__WHAT TO DO__. Reproduce the material below only from the line with "トヨタ タウンエーストラック |" to the line with "Newly built semi-detached", both included, keeping each line exact and dropping the pictures.

__DATA EXCERPTS__.
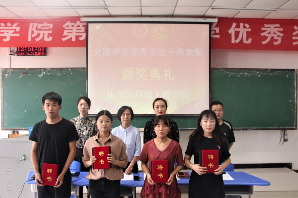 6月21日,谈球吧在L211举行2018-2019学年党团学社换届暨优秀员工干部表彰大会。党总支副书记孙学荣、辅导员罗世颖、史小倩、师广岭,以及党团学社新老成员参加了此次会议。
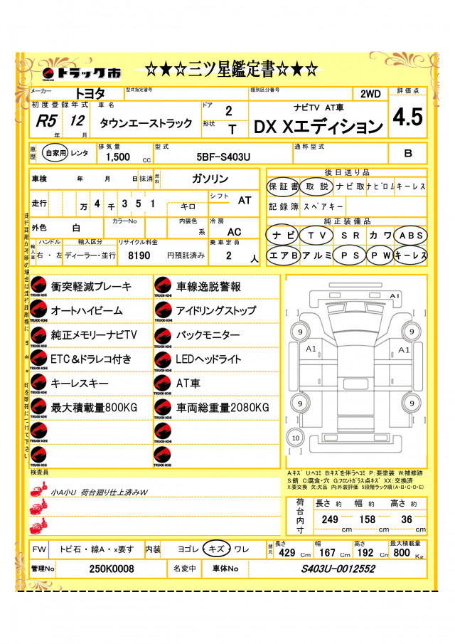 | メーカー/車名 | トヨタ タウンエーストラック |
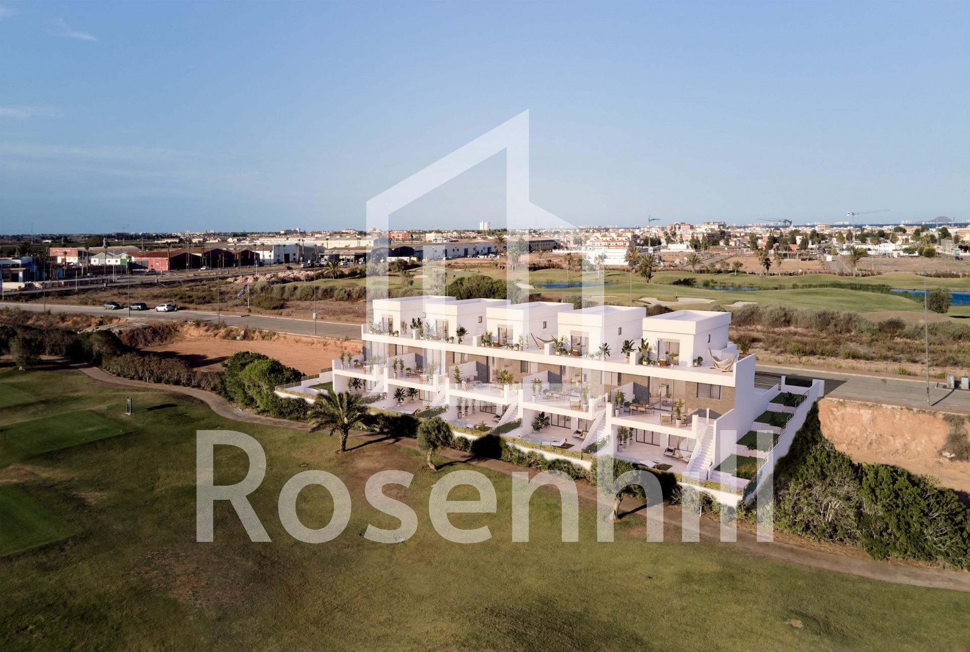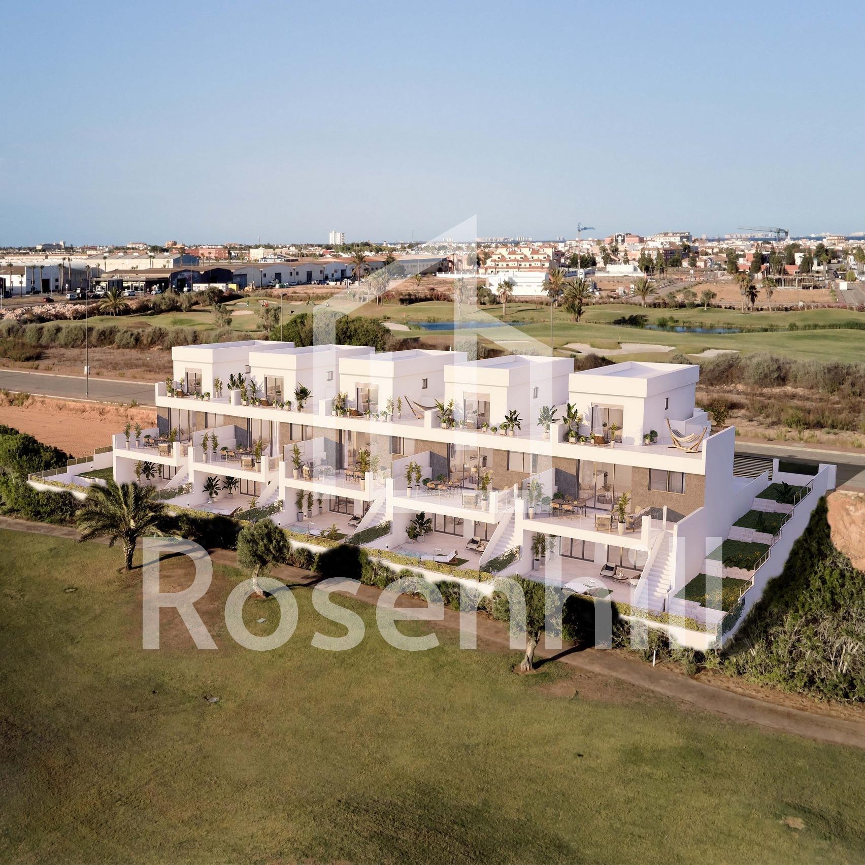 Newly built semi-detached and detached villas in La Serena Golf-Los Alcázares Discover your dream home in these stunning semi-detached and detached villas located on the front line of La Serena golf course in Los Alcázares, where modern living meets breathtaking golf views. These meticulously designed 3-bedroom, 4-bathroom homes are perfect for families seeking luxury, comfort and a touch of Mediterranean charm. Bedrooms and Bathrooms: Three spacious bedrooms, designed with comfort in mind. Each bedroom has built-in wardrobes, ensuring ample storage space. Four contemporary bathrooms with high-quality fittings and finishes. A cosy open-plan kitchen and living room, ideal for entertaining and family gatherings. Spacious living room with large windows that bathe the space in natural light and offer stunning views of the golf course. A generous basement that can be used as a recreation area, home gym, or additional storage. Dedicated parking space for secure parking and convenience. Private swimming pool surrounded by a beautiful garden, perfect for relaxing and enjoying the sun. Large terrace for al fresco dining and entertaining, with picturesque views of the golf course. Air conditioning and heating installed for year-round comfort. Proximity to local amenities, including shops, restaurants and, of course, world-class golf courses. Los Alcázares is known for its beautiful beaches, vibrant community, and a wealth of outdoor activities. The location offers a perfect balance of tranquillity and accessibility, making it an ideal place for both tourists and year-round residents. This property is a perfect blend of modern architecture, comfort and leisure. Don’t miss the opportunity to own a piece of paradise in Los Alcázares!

...

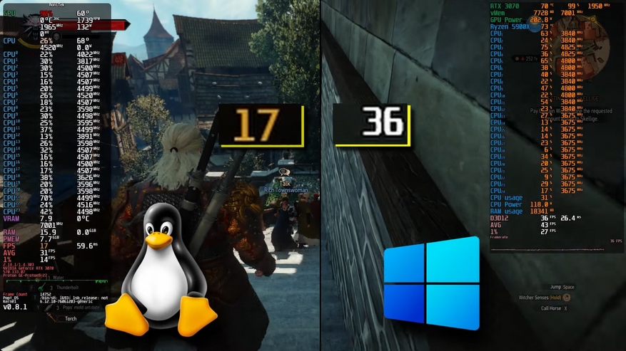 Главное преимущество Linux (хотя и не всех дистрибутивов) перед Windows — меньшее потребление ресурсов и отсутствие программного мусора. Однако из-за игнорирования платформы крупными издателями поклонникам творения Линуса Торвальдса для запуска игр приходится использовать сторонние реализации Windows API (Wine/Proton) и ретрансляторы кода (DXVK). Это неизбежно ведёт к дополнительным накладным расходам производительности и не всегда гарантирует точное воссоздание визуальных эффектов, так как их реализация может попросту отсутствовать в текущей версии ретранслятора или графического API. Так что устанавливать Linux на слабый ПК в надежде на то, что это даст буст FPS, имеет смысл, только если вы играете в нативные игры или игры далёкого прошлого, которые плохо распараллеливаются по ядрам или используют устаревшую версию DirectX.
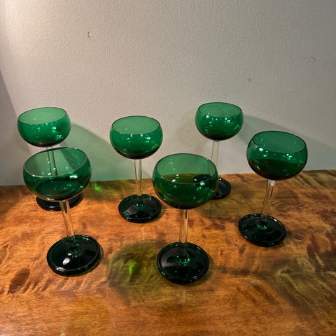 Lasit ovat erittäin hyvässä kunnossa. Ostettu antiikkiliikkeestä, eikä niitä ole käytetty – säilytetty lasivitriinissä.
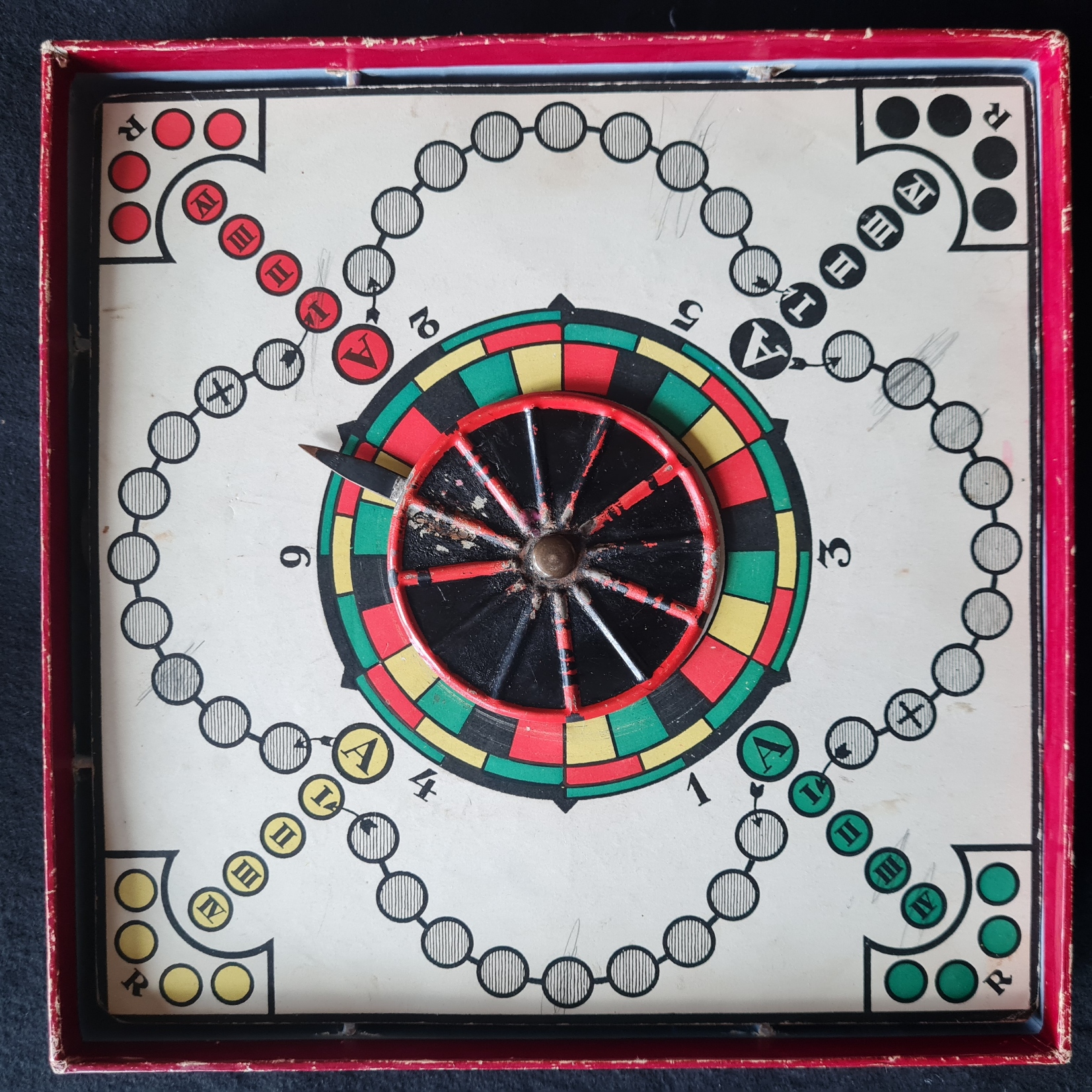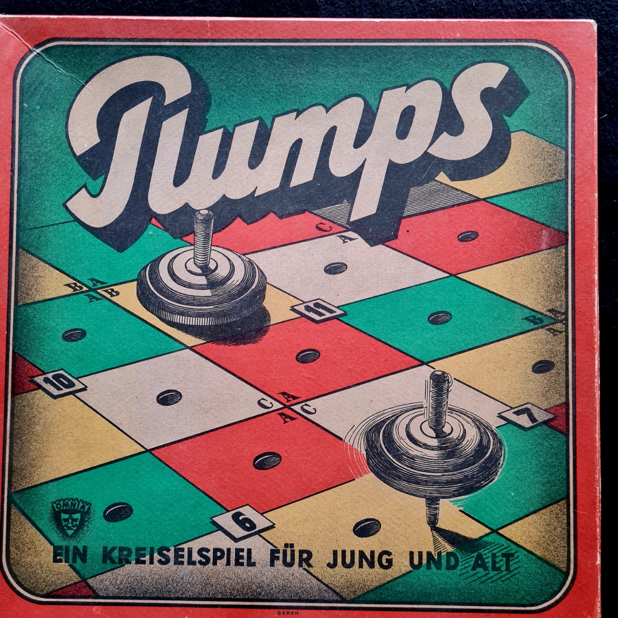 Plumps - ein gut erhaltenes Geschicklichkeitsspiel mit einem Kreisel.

...

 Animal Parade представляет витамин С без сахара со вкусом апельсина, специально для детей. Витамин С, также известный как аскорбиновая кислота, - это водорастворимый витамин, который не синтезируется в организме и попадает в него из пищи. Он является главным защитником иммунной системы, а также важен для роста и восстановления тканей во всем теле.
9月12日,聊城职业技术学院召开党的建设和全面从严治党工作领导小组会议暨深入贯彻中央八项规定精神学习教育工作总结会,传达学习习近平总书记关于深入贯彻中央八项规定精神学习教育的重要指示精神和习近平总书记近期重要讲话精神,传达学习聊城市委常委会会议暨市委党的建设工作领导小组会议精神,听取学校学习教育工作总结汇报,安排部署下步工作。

__TASK RESPONSE__.
 | メーカー/車名 | トヨタ タウンエーストラック |
 Newly built semi-detached and detached villas in La Serena Golf-Los Alcázares Discover your dream home in these stunning semi-detached and detached villas located on the front line of La Serena golf course in Los Alcázares, where modern living meets breathtaking golf views. These meticulously designed 3-bedroom, 4-bathroom homes are perfect for families seeking luxury, comfort and a touch of Mediterranean charm. Bedrooms and Bathrooms: Three spacious bedrooms, designed with comfort in mind. Each bedroom has built-in wardrobes, ensuring ample storage space. Four contemporary bathrooms with high-quality fittings and finishes. A cosy open-plan kitchen and living room, ideal for entertaining and family gatherings. Spacious living room with large windows that bathe the space in natural light and offer stunning views of the golf course. A generous basement that can be used as a recreation area, home gym, or additional storage. Dedicated parking space for secure parking and convenience. Private swimming pool surrounded by a beautiful garden, perfect for relaxing and enjoying the sun. Large terrace for al fresco dining and entertaining, with picturesque views of the golf course. Air conditioning and heating installed for year-round comfort. Proximity to local amenities, including shops, restaurants and, of course, world-class golf courses. Los Alcázares is known for its beautiful beaches, vibrant community, and a wealth of outdoor activities. The location offers a perfect balance of tranquillity and accessibility, making it an ideal place for both tourists and year-round residents. This property is a perfect blend of modern architecture, comfort and leisure. Don’t miss the opportunity to own a piece of paradise in Los Alcázares!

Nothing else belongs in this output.